Festive closure

We will close at 5pm on Tuesday 24 December 2024 and reopen at 9am Friday 3 January 2025. You can still submit complaints through our online form, but we won't respond until we reopen.

Decision Report 201903691

  • Case ref:
    201903691
  • Date:
    September 2020
  • Body:
    Ayrshire and Arran NHS Board
  • Sector:
    Health
  • Outcome:
    Some upheld, recommendations
  • Subject:
    clinical treatment / diagnosis

Summary

C complained about the Child and Adolescent Mental Health Service (CAMHS) care and treatment provided to their child (A). A had an assessment with CAMHS, and following this, the board felt that further CAMHS input was not necessary as they considered the information suggested attachment related difficulties as opposed to a neuro-developmental disorder. C complained that the board had not carried out an in-depth assessment or obtained relevant information from A's school.

We took independent advice from a CAMHS mental health nurse. We found that the assessment of A carried out by CAMHS was reasonable and gathered the appropriate information in order to make a decision that no further input or support from CAMHS was required. We did not uphold this aspect of C's complaint.
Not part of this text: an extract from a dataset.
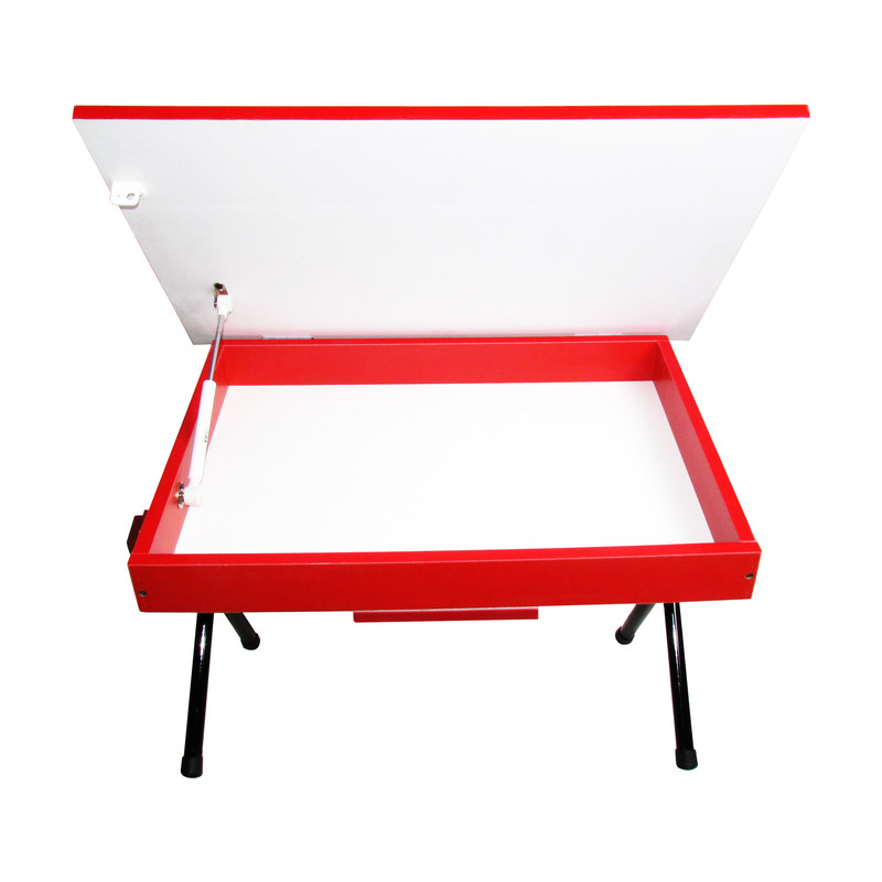این میز تحریر پایه کوتاه و رو زمینی می باشد.این میز باکسدار می باشد و فضای بزرگ 6 سانتی زیر میز برای جانمایی کتاب و لوازم تحریر و حتی لپ تاپ را دارد.صفحه روی باکس با جک پر قدرت باز می ماند و نیاز به نگهداری با دست را ندارد. صفحه روی این میز از جنس ملامینه و ضد خش و ساییدگی می باشد.این محصول تاشو و با قابلیت تنظیم ارتفاع از 35 الی 45 سانتی متر نسبت به نوع مصرف می باشد و پایه از جنس لوله آهنی بسیار مقاوم با تحمل وزن بالاست. این محصول تماما ایرانی و با بالاترین کیفیت می باشد.ویژگی این محصول کم جا بودن و تاشدن در هنگام عدم نیاز است.موارد استفاده این میز، مطالعه، کامپیوتر و لپ تاپ، کار، خیاطی، کار آشپزخانه، طراحی و نقاشی، میز مدرسه، غذاخوری یک نفره می باشد. دیگر ویژگی های این میز سبک و قابل حمل آسان، قابلیت استفاده تمام سنین، قابلیت تنظیم ارتفاع، تحمل وزن بالای پایه و پرکاربرد بودن است.
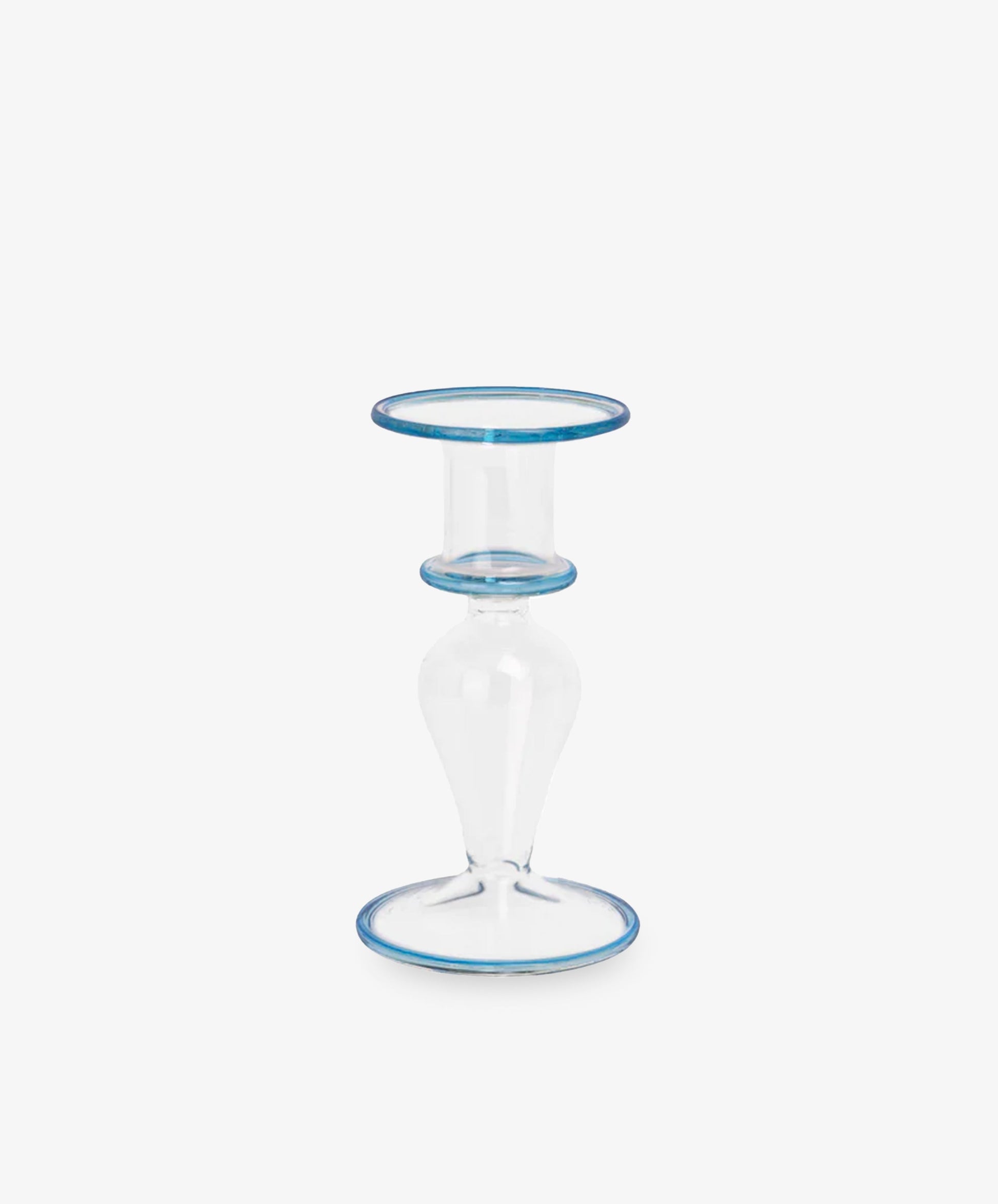 A simple shape with a colorful accent, the minimalist design of this glass candleholder is effortlessly stylish. The subtle pop of color adds a fresh twist on a timeless silhouette.

C also complained that following A's appointment, the board's communication was unreasonable as they were not told of follow-up appointments in a timely manner and had not fully discussed A's case with C. We found that in all but one case, appointment letters were sent to C in a timely manner. However, we found that the board had failed to explain to C that the school assessments were no longer required and the reasons for this. On this basis, we upheld this aspect of C's complaint.

We also identified that the board had failed to follow up on an action agreed in their complaint response and made a recommendation in relation to this.

Recommendations

What we asked the organisation to do in this case:

  • Apologise to C for failing to explain that school assessments were no longer required and the reasons for this; and for failing to follow up the referral. The apology should meet the standards set out in the SPSO guidelines on apology available at www.spso.org.uk/information-leaflets
  • The board should consider whether it would still be appropriate to follow up the referral to the area inclusion team at this point. They may wish to contact C to discuss whether this is something A would still benefit from.

What we said should change to put things right in future:

  • If decisions are made not to proceed with assessments, this should be explained to the patient/their family.

In relation to complaints handling, we recommended:

  • Actions agreed in complaint responses should be followed up and there should be evidence of the actions being taken.

We have asked the organisation to provide us with evidence that they have implemented the recommendations we have made on this case by the deadline we set.